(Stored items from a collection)
***
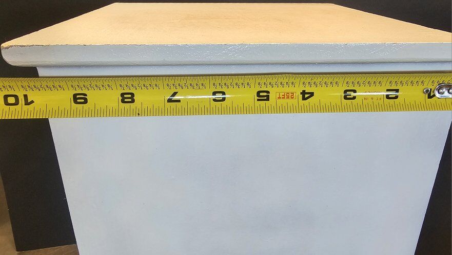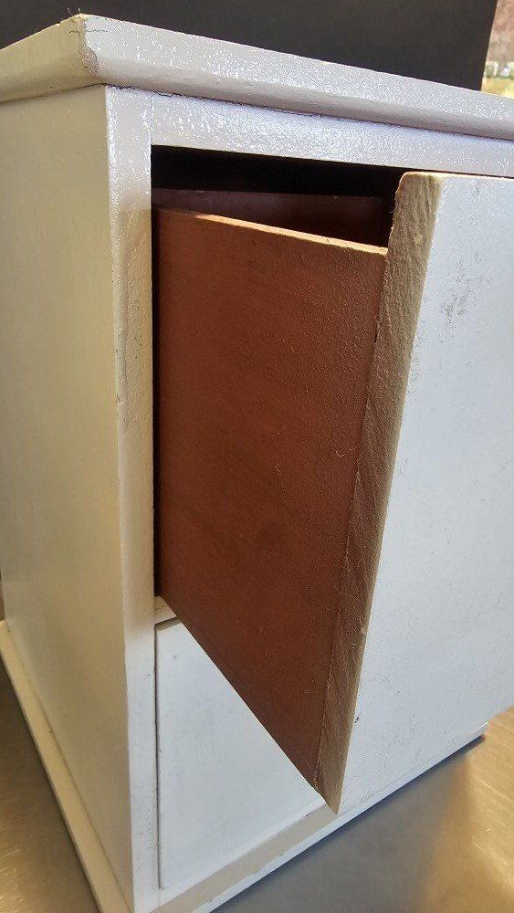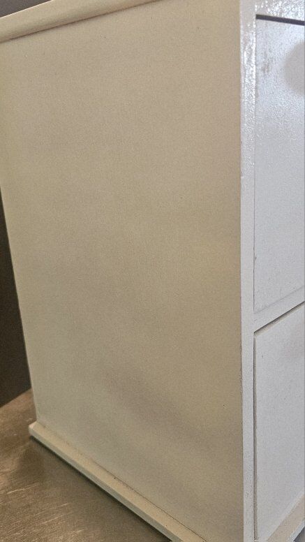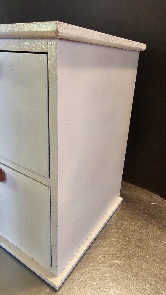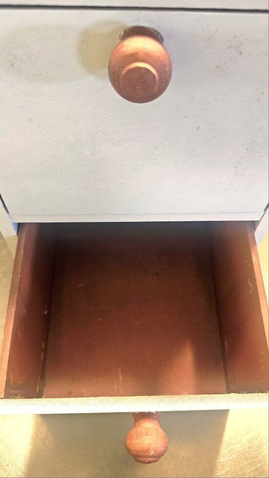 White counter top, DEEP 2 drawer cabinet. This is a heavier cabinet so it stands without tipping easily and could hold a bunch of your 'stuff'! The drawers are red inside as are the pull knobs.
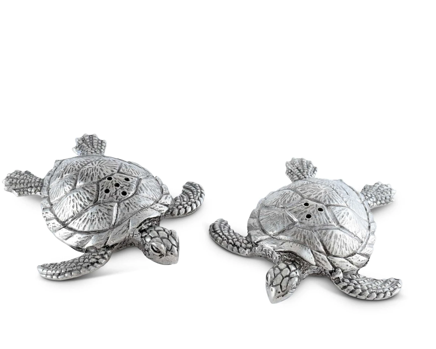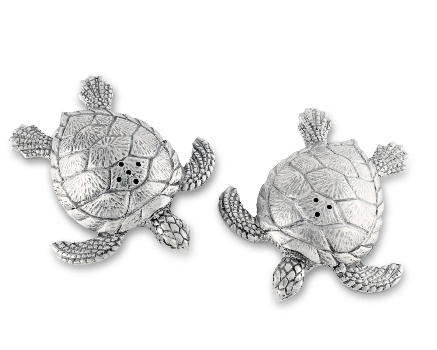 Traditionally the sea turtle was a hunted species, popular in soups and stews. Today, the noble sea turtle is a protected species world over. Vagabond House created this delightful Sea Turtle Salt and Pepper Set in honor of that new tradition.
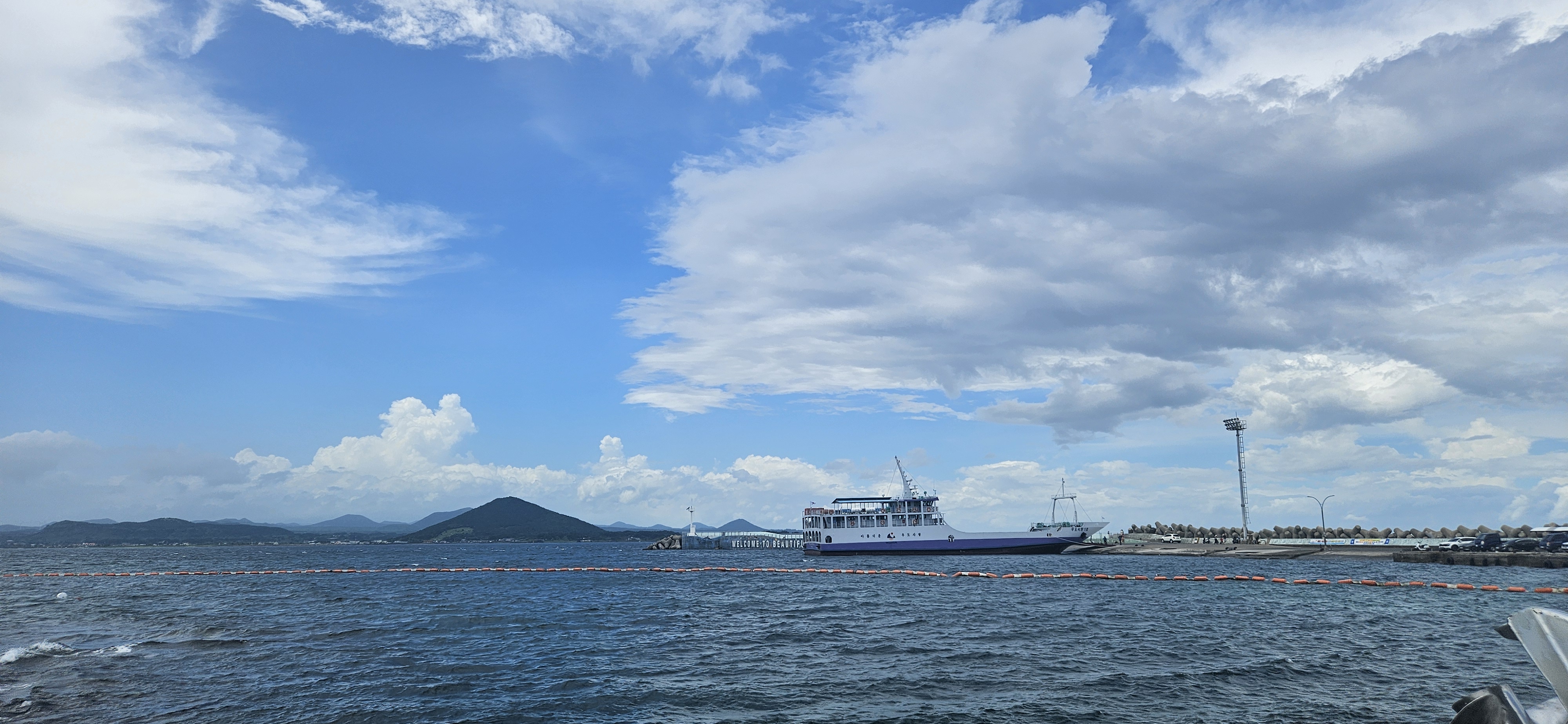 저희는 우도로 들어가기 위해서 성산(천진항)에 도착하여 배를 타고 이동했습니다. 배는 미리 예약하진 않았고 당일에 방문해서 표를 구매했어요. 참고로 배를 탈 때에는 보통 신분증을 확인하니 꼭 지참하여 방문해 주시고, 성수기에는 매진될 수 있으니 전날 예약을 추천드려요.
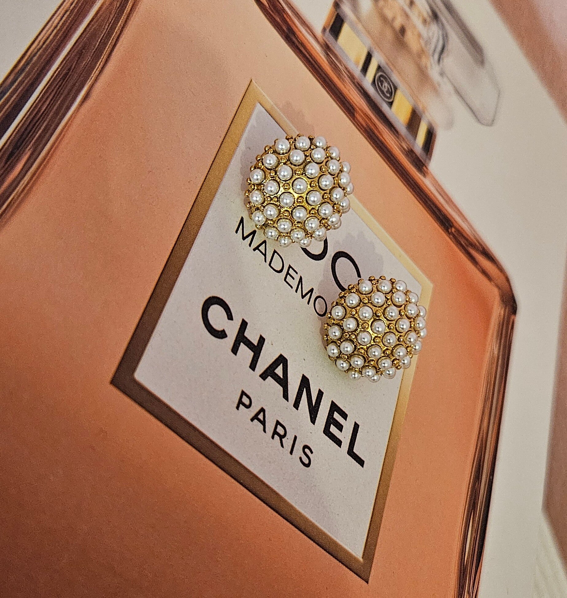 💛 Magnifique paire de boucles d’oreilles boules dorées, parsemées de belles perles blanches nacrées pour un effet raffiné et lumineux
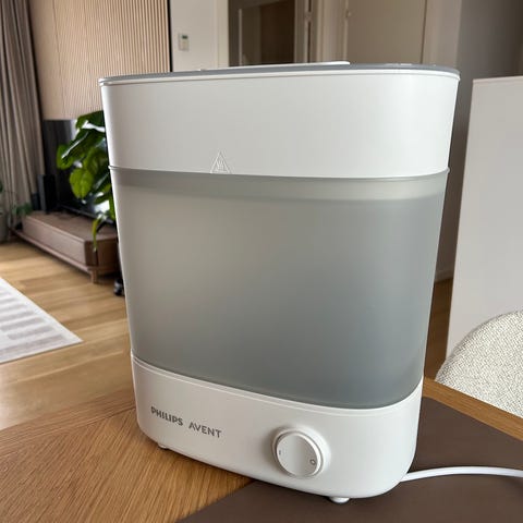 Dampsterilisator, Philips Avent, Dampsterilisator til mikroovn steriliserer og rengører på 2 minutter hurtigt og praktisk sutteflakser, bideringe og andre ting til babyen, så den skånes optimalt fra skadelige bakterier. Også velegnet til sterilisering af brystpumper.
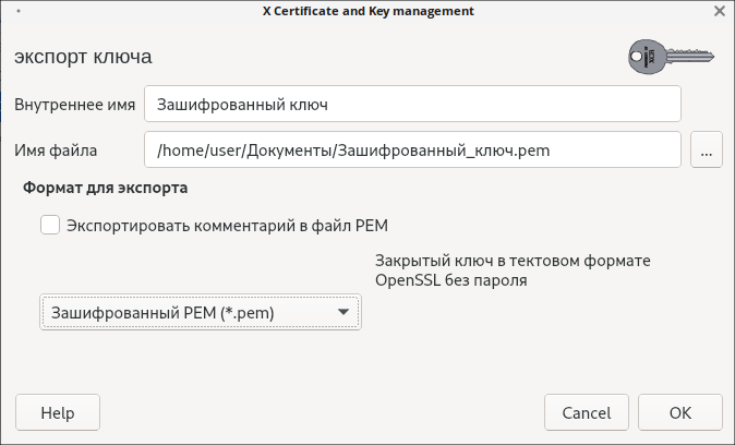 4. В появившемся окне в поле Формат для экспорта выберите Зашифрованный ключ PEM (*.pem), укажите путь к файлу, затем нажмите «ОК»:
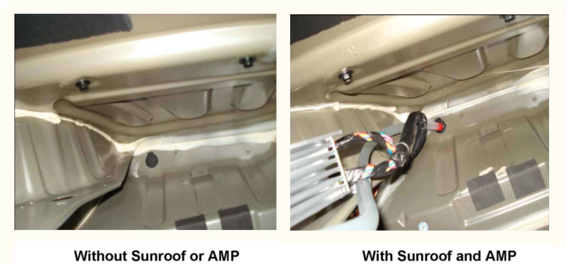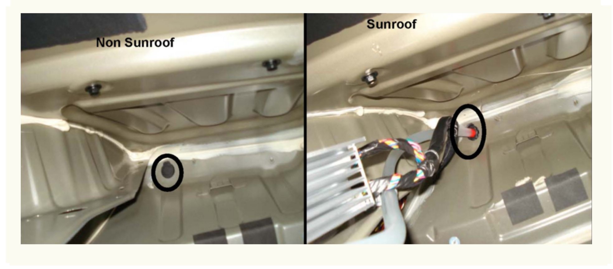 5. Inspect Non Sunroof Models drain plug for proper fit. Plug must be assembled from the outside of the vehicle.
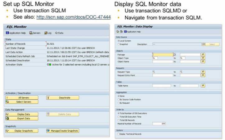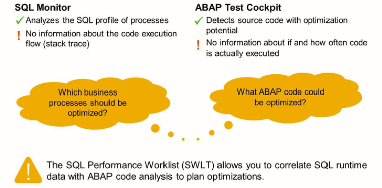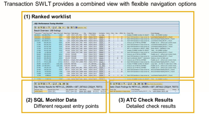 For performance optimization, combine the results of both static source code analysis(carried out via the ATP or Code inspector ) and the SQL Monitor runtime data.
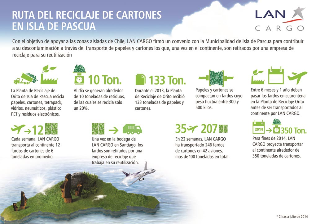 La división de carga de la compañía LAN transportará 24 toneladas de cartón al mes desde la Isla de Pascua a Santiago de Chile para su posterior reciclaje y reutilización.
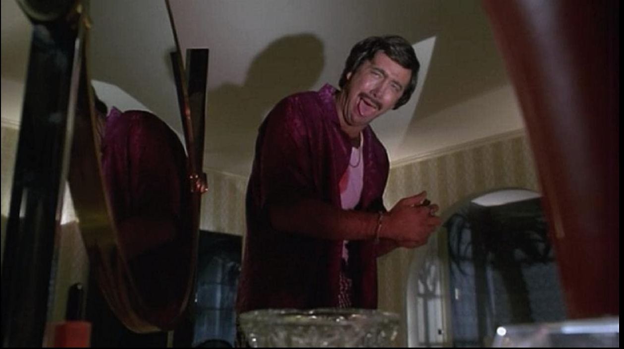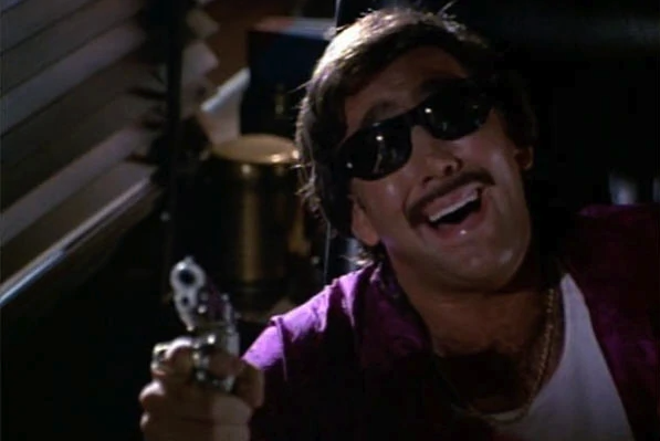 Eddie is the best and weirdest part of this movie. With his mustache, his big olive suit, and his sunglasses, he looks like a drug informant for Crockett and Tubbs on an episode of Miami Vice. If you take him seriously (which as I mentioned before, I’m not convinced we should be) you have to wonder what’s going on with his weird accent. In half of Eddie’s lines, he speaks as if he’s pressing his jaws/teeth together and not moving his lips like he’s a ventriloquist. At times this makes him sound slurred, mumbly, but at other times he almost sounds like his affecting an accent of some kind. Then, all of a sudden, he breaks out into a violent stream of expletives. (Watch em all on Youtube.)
***
• _Task_
Output exactly, and only, the lines running from the line containing "For performance optimization, combine" to the last line of the entries above, omitting the pictures.

• _Your solution_
 For performance optimization, combine the results of both static source code analysis(carried out via the ATP or Code inspector ) and the SQL Monitor runtime data.
 La división de carga de la compañía LAN transportará 24 toneladas de cartón al mes desde la Isla de Pascua a Santiago de Chile para su posterior reciclaje y reutilización.
 Eddie is the best and weirdest part of this movie. With his mustache, his big olive suit, and his sunglasses, he looks like a drug informant for Crockett and Tubbs on an episode of Miami Vice. If you take him seriously (which as I mentioned before, I’m not convinced we should be) you have to wonder what’s going on with his weird accent. In half of Eddie’s lines, he speaks as if he’s pressing his jaws/teeth together and not moving his lips like he’s a ventriloquist. At times this makes him sound slurred, mumbly, but at other times he almost sounds like his affecting an accent of some kind. Then, all of a sudden, he breaks out into a violent stream of expletives. (Watch em all on Youtube.)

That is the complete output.